Remove DC component
The algorithm removes any DC offset in the signal. This is a
very important step because the zero-crossing rate of the signal
is calculated and plays a role in determining where unvoiced sections
of speech exist. If the DC offset is not removed, we will be unable
to find the zero-crossing rate of noise in order to eliminate
it from our signal.
|
Threshold determination: via computing average magnatude and
zero-crossing rates.
Compute the average magnitude and zero-crossing rate of the signal
as well as the average magnitude and zero-crossing rate of background
noise.
The average magnitude and zero-crossing rate of the noise
is taken from the first hundred milliseconds of the signal.

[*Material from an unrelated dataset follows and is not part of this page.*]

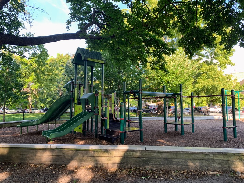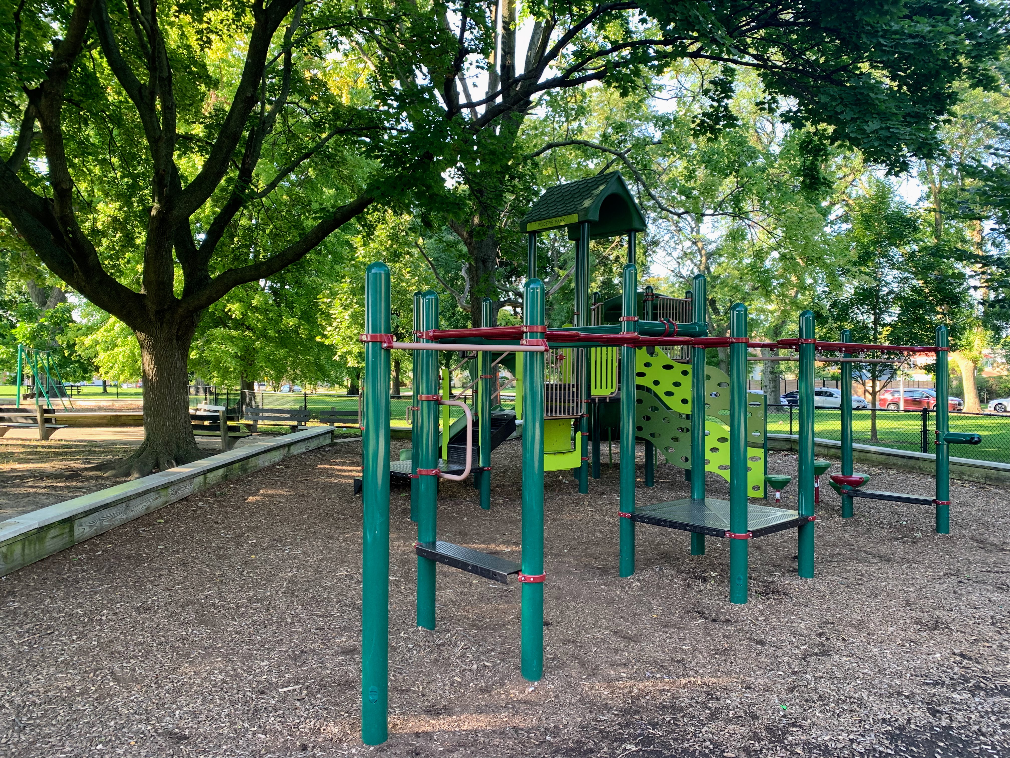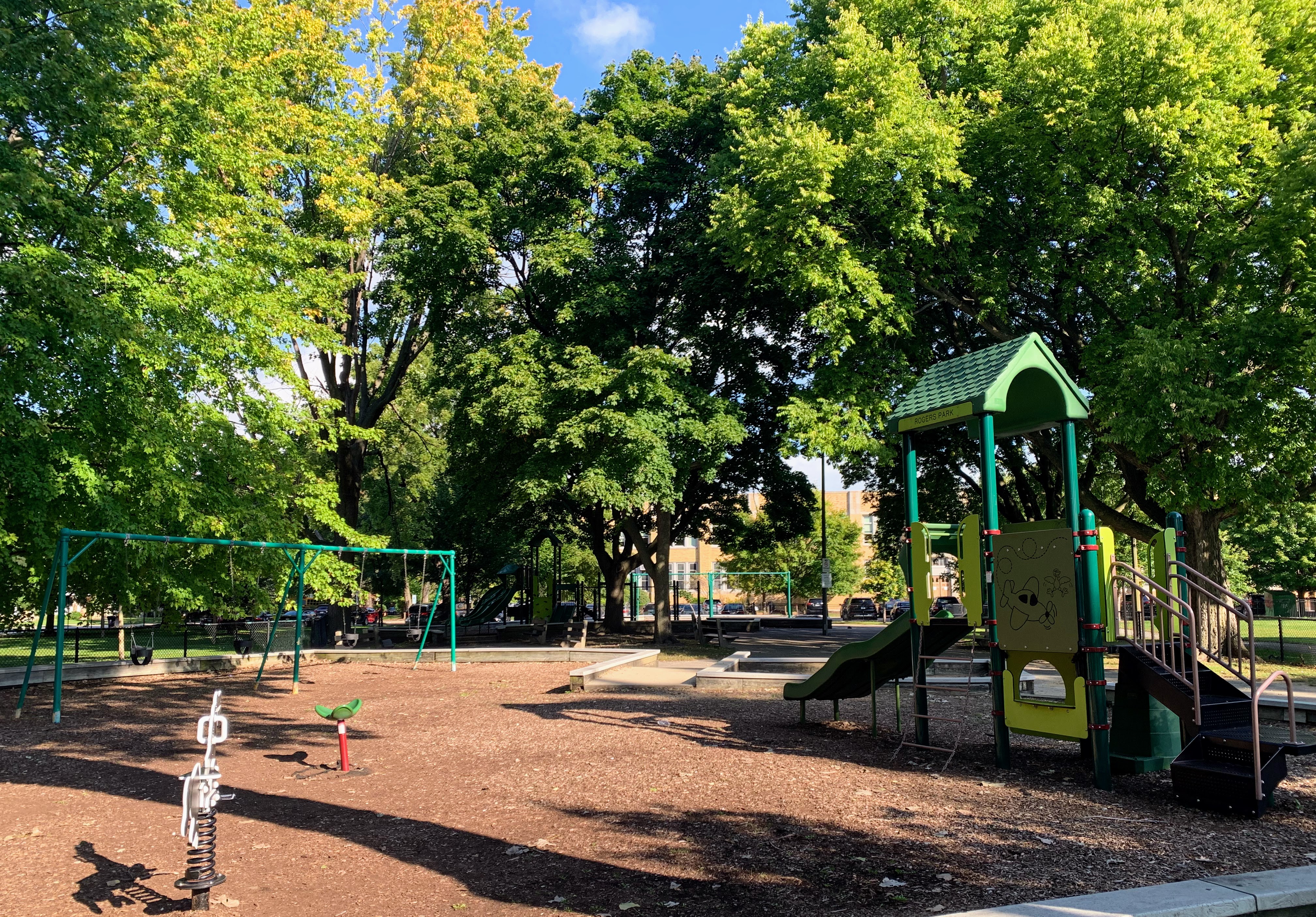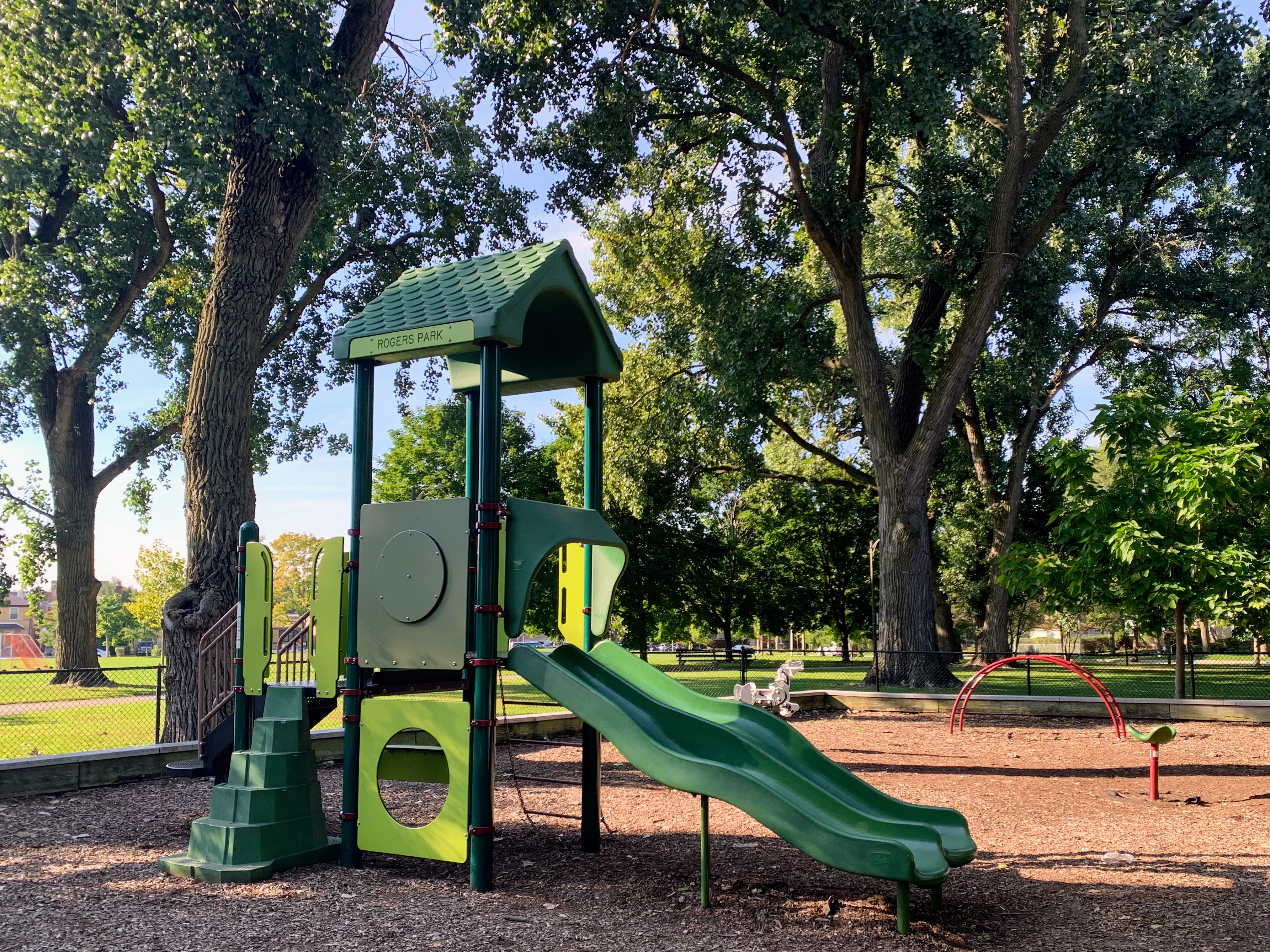 - This playground - located on the west side of Rogers Park - is a great playground shaded by large trees. There are two areas; one is for younger children and the other is for older children. The larger structure features a number of interesting and unique overhead elements as well as a few slides and climbing elements. This site also has a few standalone elements and the Chicago Park standard swings: toddler, adaptive, and belt seat. In my opinion, the best non-playable amenities are shade and benches and this playground has both. The site is fully enclosed and the play surface is wood chips. All in all, it is a great neighborhood playground; highly recommend.

The means and standard deviations of both the average magnitude
and zero-crossing rate of noise are calculated, enabling
us to determine thresholds for each to separate the actual speech
signal from the background noise.
|
Signal speration from noise. Done using tresholds from previous
step.
At the beginning of the signal, we search for the first point
where the signal magnitude exceeds the previously set threshold
for the average magnitude. This location marks the beginning of
the voiced section of the speech.
starting point of speech = first
point a sample's magnitude > noise magnatude thershold.
|
Detection of "unvoiced" sound starting speech utterance
(may not exist)
- From this point, search backwards until the magnitude drops
below a lower magnitude threshold.
- From here, we search the previous twenty-five frames of the
signal to locate if and when a point exists where the zero-crossing
rate drops below the previously set threshold. This point, if
it is found, demonstrates that the speech begins with an unvoiced
sound and allows the algorithm to return a starting point for
the speech, which includes any unvoiced section at the start of
the phrase.
|
Repeat above steps for the end of the speech signal.
|